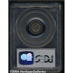 <B>1858<H10C> PR64 Cameo PCGS.</B></I> Proof Stars Obverse Half Dimes are a prized commodity among type collectors, but those possessing enough contrast to received a 'Cameo' designation are especially elusive. This Choice representative is modestly mirrored under a coating of speckled violet and sea-green toning. Population: 1 in 64 Cameo, 3 finer (4/04). <BR><BR><B>Important notice:</B> Heritage usually auctions material at the rate of 200-250 lots per hour. On some occasions eBay Live bid software or the Internet may not be able to keep up with the pace of the auction. We recommend placing a realistic absentee bid now as insurance to avoid disappointment. Occasionally the auctioneer may eliminate or reject an eBay Live bid, and the auctioneer may also reopen a lot after the close of the eBay live bidding (usually because we missed an audience bid), and may reject your bid even if it shows you as the winning bidder. By bidding via eBay Live, you agree that Heritage may award the lot to another bidder at its sole discretion under the circumstances described above or any other reasonable circumstances. Since eBay bids are not shown to us until we open the lot on the floor, we treat those bids just like floor bids. In most cases the floor responds before the eBay bid is presented to us, due to Internet lag time, so for consistency we have made it a policy that floor bids are always considered first over tie eBay live bids. Also please note that all Heritage lots purchased through eBay Live carry a 20% Buyer's Premium. Please make sure you read the Terms and Conditions before you bid.
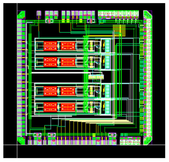 When the test point buffers in channel 4 were switched on, the sensitivity of this channel was reduced to 6 mV/fC due to the loading effect of the buffers. However under normal operation conditions, when the buffer switches were off, all the channels exhibited a uniform sensitivity. The analog chain had a constant peaking time delay of 14.6 ns for the entire range of input charges. The baseline recovery time, complete time duration of overshoot and undershoot, of the bipolar signal was almost 400 ns for the full input range of 5–100 fC. At the output pads, the time representation of the input signal is provided as both the CMOS level with a voltage level of 0–1.2 V and the low-voltage differential signal with a voltage swing of 200 mV across a 200 mV common mode voltage, as shown in Figure 13. The complete layout design is shown in Figure 14. Table 2 summarizes the most important performance parameters of the presented FEE for the MDT-ATLAS-read-out, compared with our reference design [3].
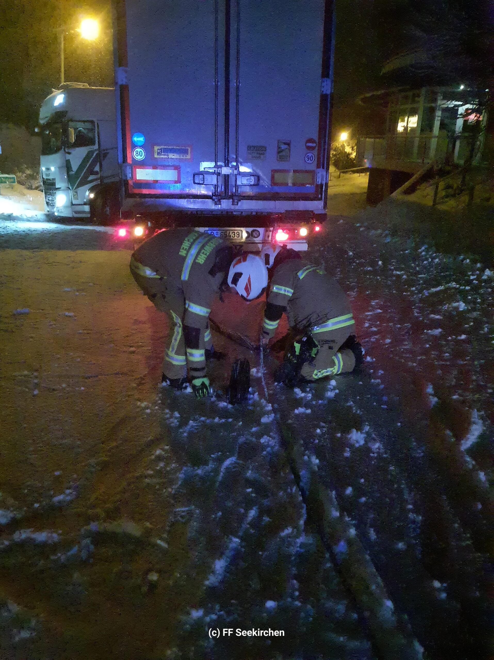 Die Feuerwehr Seekirchen wurde um 22:31 Uhr zur Bergung eines Sattelzugfahrzeugs gerufen.
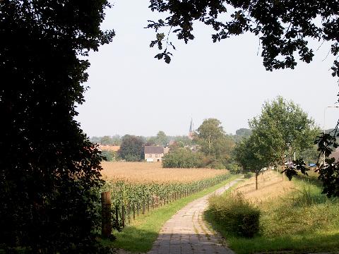 Via het voetpad naar het dorp gelopen, waar de auto geparkeerd stond.
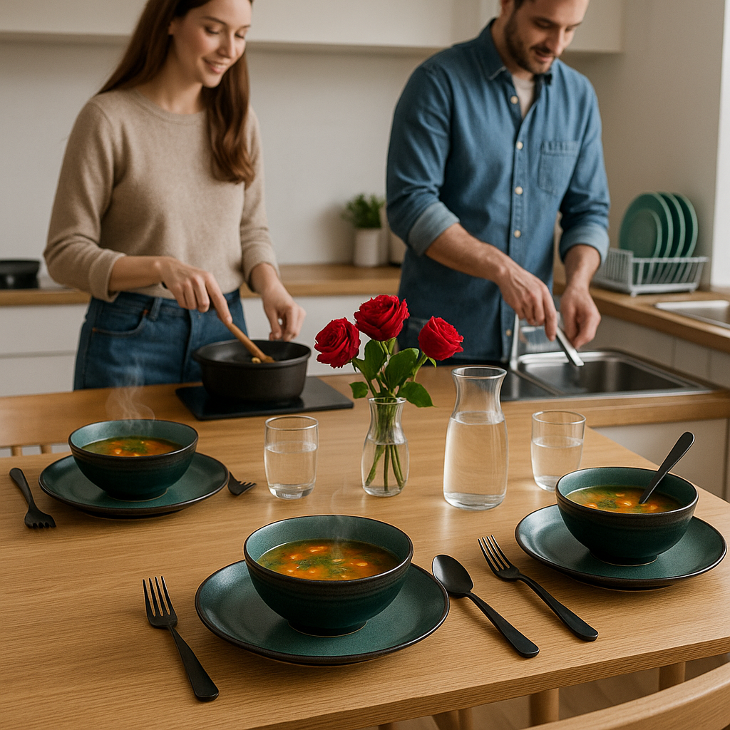 Enjoy your meals in elegance with this stoneware plate set. Perfect for hearty dishes like steak, paired with wine or water. Durable, stylish, and ideal for everyday or special dining.
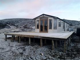 Scurvy Grass Snug is a purpose built static home that can sleep up to 6 guests. It comprises one double bedroom with ensued toilet and sink, one bedroom with two single beds and a double sofa bed in the lounge. There is also a bathroom with toilet sink and shower. It has gas fired central heating and hot water and also uses gas for cooking. There is a well equipped fitted kitchen which includes a built in fridge freezer, microwave, toaster etc. It is located in a sheltered valley to the west of Port Sussex Farm house and offers lovely views of the bay from the lounge windows. There is a large decking area, and also a hot tub.
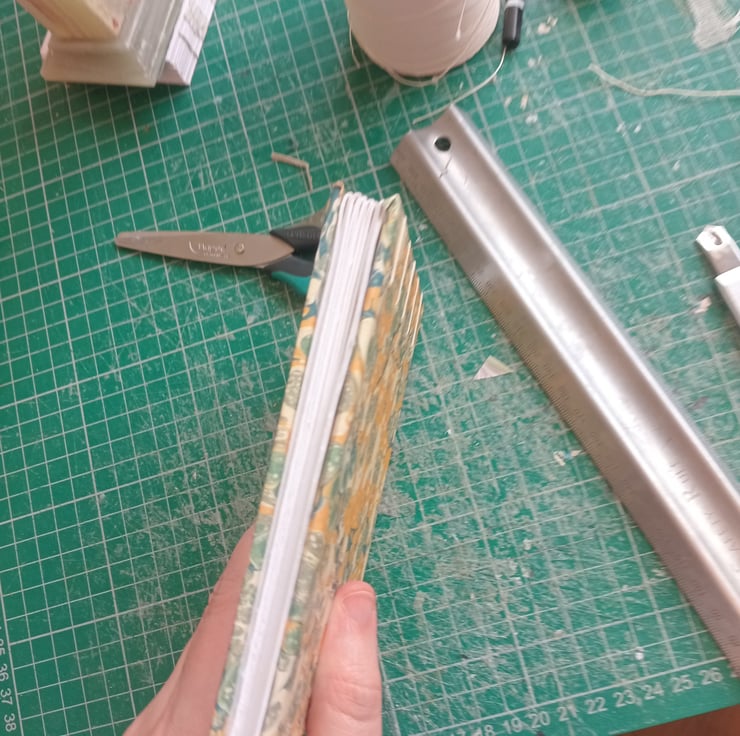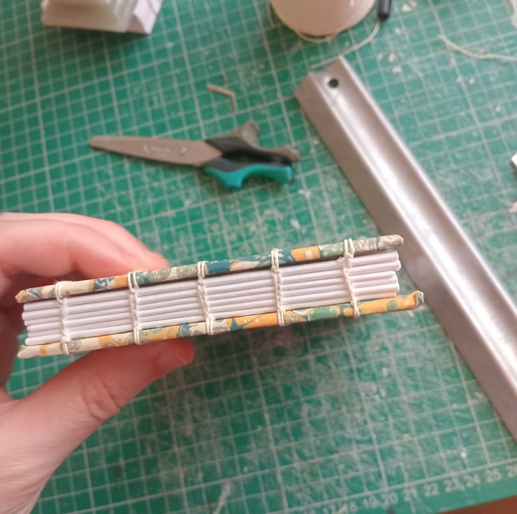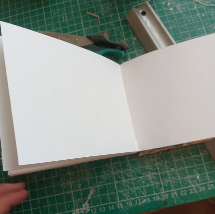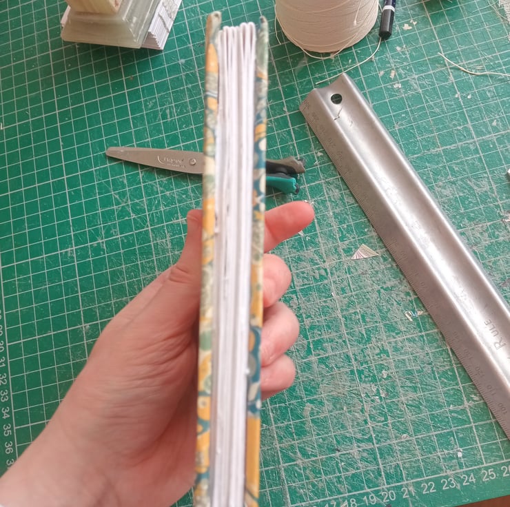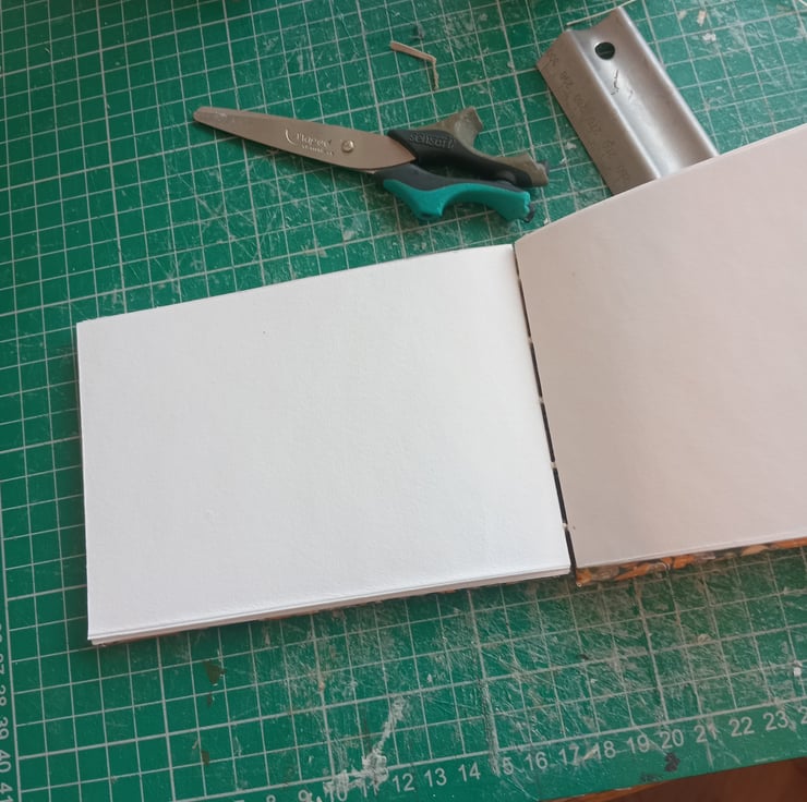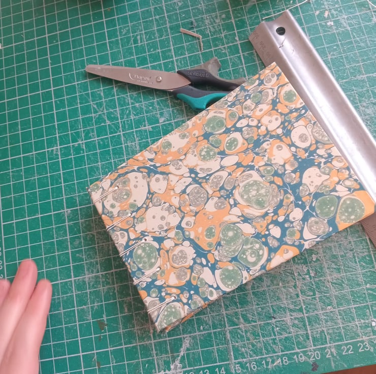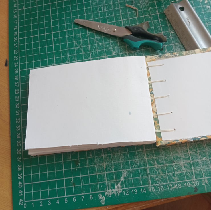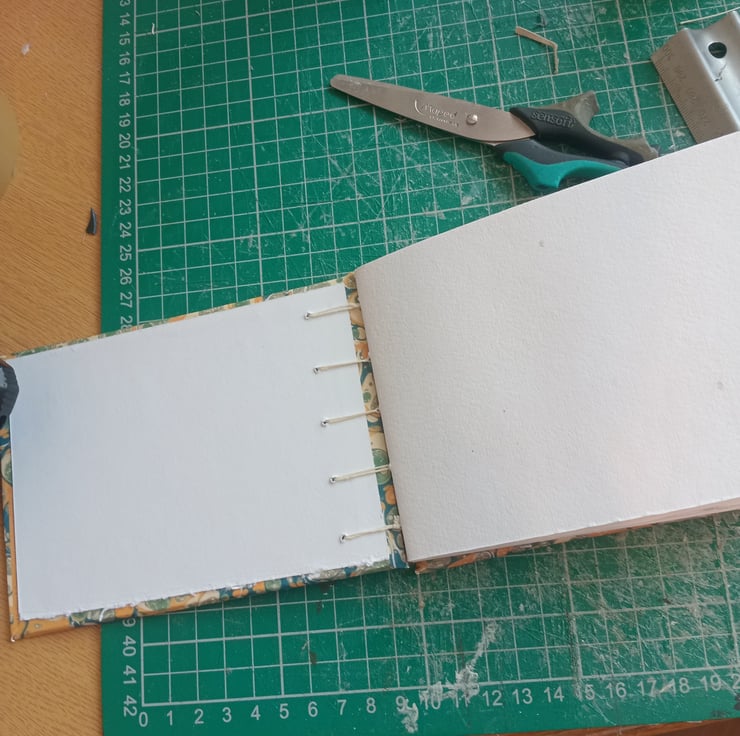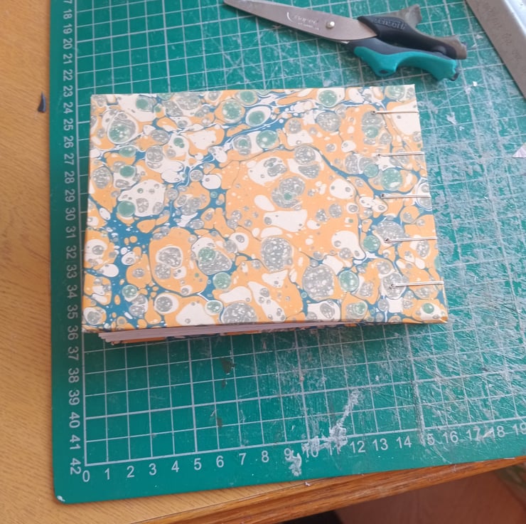 A6 coptic sketchbook with tree free cotton rag watercolour paper and printed marbled design hardcover. 24 leaves, 48 pages/sides. Last photo is of paper source.

--*--

Each line from the one containing "Die Feuerwehr Seekirchen" through the last line of the entries above should be duplicated exactly, both included; leave out pictures and add nothing.

• RESULT
 Die Feuerwehr Seekirchen wurde um 22:31 Uhr zur Bergung eines Sattelzugfahrzeugs gerufen.
 Via het voetpad naar het dorp gelopen, waar de auto geparkeerd stond.
 Enjoy your meals in elegance with this stoneware plate set. Perfect for hearty dishes like steak, paired with wine or water. Durable, stylish, and ideal for everyday or special dining.
 Scurvy Grass Snug is a purpose built static home that can sleep up to 6 guests. It comprises one double bedroom with ensued toilet and sink, one bedroom with two single beds and a double sofa bed in the lounge. There is also a bathroom with toilet sink and shower. It has gas fired central heating and hot water and also uses gas for cooking. There is a well equipped fitted kitchen which includes a built in fridge freezer, microwave, toaster etc. It is located in a sheltered valley to the west of Port Sussex Farm house and offers lovely views of the bay from the lounge windows. There is a large decking area, and also a hot tub.
 A6 coptic sketchbook with tree free cotton rag watercolour paper and printed marbled design hardcover. 24 leaves, 48 pages/sides. Last photo is of paper source.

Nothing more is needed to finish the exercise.